DATASET SECTION —
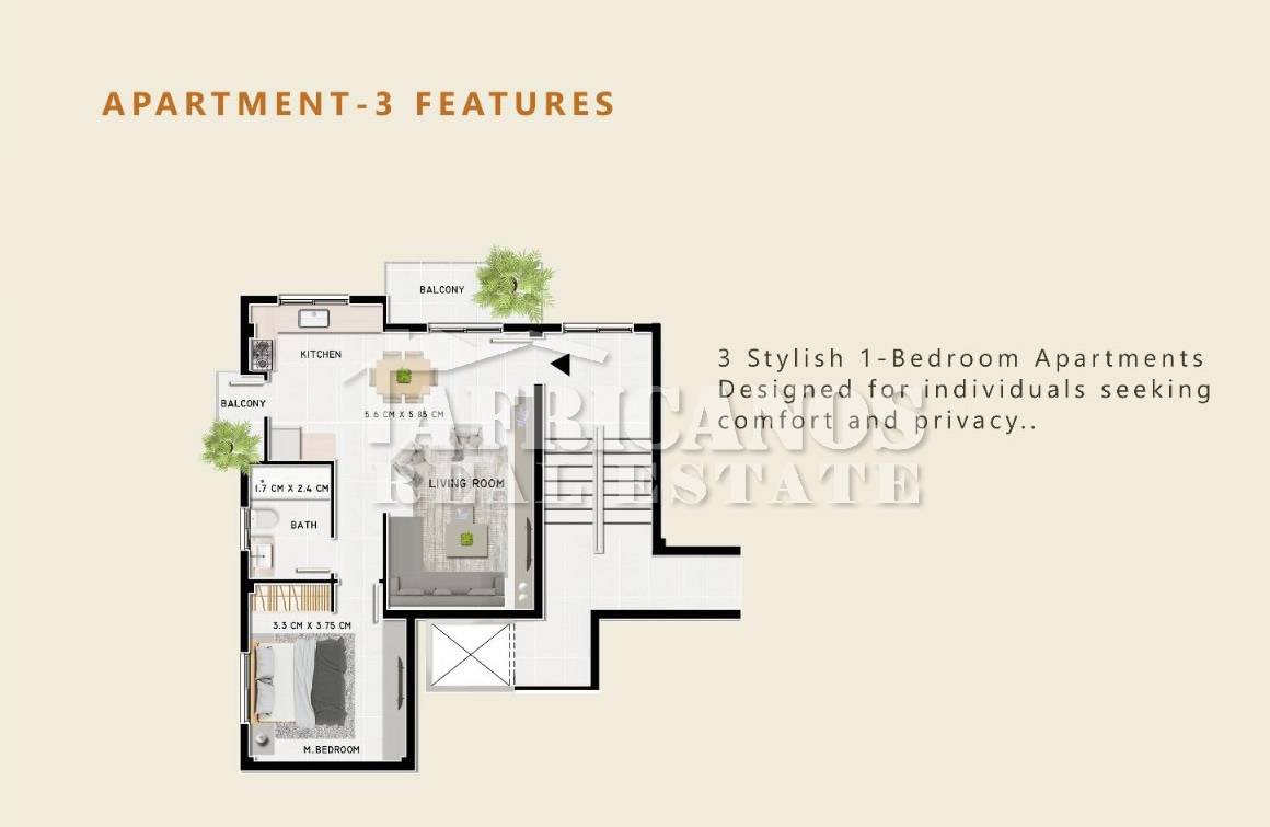 #Apartment for sale in Larnaca. The property consists of 1 bedroom, open plan kitchen, living room, 1 bath, 1wc, 6sq.m. covered verandas, private parking, 4sq.m. storage.
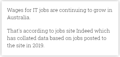 與全國整體的就業環境不同,澳大利亞的IT行業目前正處于一個高薪資且不斷增長的時期,這反映了澳洲的科技行業仍處于一個技術短缺的階段。雇主對于這些技術人員的需求量仍然很大,并且很難找到合適的人員。一旦找到合適的人員,雇主愿意支付更高的薪資來吸引人才。
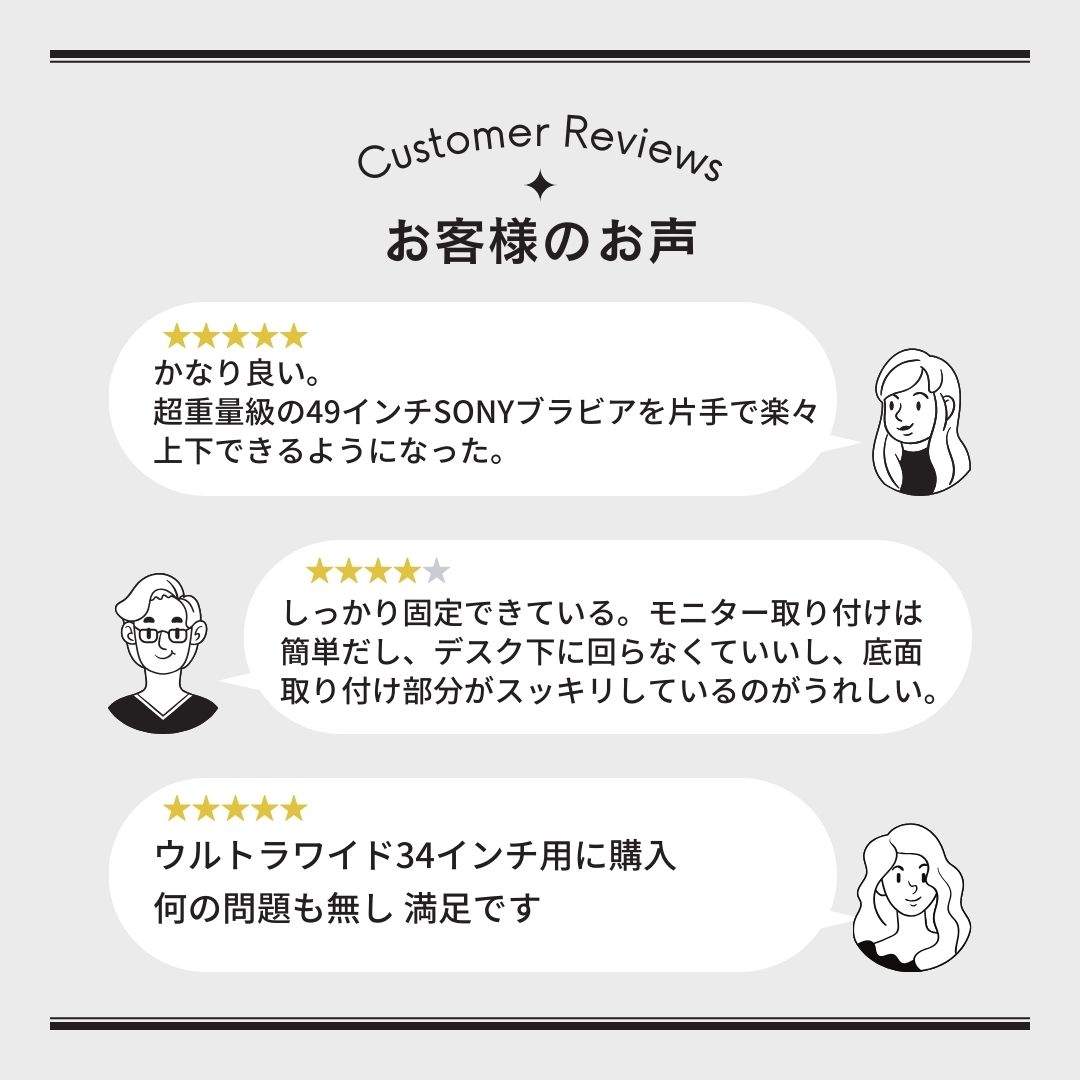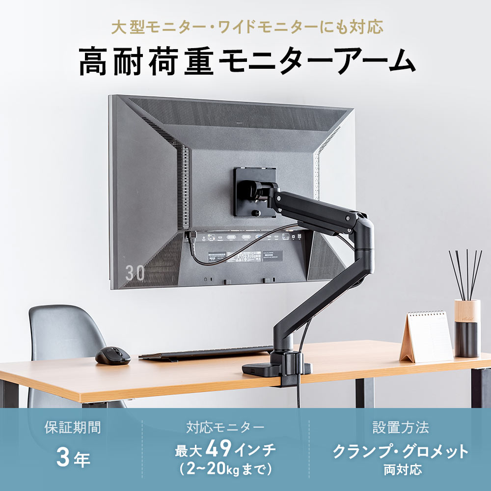 2〜20kgのモニター対応の高耐荷重のモニターアーム。大型モニターやウルトラワイドモニターにも。<特長>●重さ2〜20kgのモニターに対応した高耐荷重のモニターアームです。●取り付け方法はクランプ式・グロメット式、両対応です。●ご購入日より3年間の製品保証付きです。期間内に発生した製品不具合に関して、無償交換または修理・返品を承ります。●大型モニターや、ウルトラワイドモニターなどの設置にもおすすめです。●各関節で角度調整が可能なので、見たい位置・角度にモニターを動かせます。●ガススプリング式で、上下の位置調整も可能です。<仕様>■サイズ:寸法図参照■重量:3.5kg■製品パッケージサイズ:W405×D196×H116mm■製品パッケージ重量:4.0kg■材質:スチール/アルミ/プラスチック■可動範囲:画面上下(チルト)/上下70°、画面左右(パン)/180°、画面回転(ローテーション)/360°■総耐荷重:2〜20kg■付属品:モニター取付け用ボルト、ボルト(グロメット式固定用)■保証期間:3年■原産国:中国 ■取扱説明書:あり(日本語)■対応モニターサイズ:15・15.6・16・17・18.5・19・19.5・20・20.7・21・21.5・22・23・23.8・24・26・27・31.5・32・34・37・39・40・42・43・46・48・49インチなど※モニターの耐荷重 2〜20kg※湾曲モニターはその構造上、平面モニターに比べモニターアームに負荷がかかりやすいため、 耐荷重に余裕のあるモニターアームをお選びください。■対応モニター参考メーカーIO DATA(IOデータ)・アトランティス(ATLANTIS)・iiyama(イイヤマ)・AOC・Acer(エイサー)・ASUS(エイスース・アスース)・EIZO(ナナオ)・MSI(エムエスアイ)・HP(ヒューレッド・パッカード)・LGエレクトロニクス(LG Electronics)・シャープ(SHARP)・DELL(デル)・フィリップス(PHILIPS)・ドウシシャ(DOSHISHA)・ViewSonic(ビューテック)・BenQ(ベンキュー)など■VESA:75×75、100×100(mm)・小口輸入品につき、運搬の際製品、箱などに汚れ、キズができる場合がございます。<関連キーワード>モニターアーム 最大49インチ 大型 アーム式 ガススプリング グロメット 高さ 角度 上下 左右 VESA おすすめ ディスプレイアーム 液晶モニター 大型モニター PCモニターアーム ガス式 シングルアーム ブラック 液晶ディスプレイ テレワーク 角度調節 ガス圧 フライトシミュレーター CAD 湾曲モニター ゲーミングモニター 重いモニター 大型ディスプレイ 50インチ

WHAT TO WORK ON —
Pictures are to be omitted; otherwise, every line from the first line of the listing through the line containing "與全國整體的就業環境不同,澳" must be reproduced exactly, both ends included.

RESPONSE TO THIS TASK —
 #Apartment for sale in Larnaca. The property consists of 1 bedroom, open plan kitchen, living room, 1 bath, 1wc, 6sq.m. covered verandas, private parking, 4sq.m. storage.
 與全國整體的就業環境不同,澳大利亞的IT行業目前正處于一個高薪資且不斷增長的時期,這反映了澳洲的科技行業仍處于一個技術短缺的階段。雇主對于這些技術人員的需求量仍然很大,并且很難找到合適的人員。一旦找到合適的人員,雇主愿意支付更高的薪資來吸引人才。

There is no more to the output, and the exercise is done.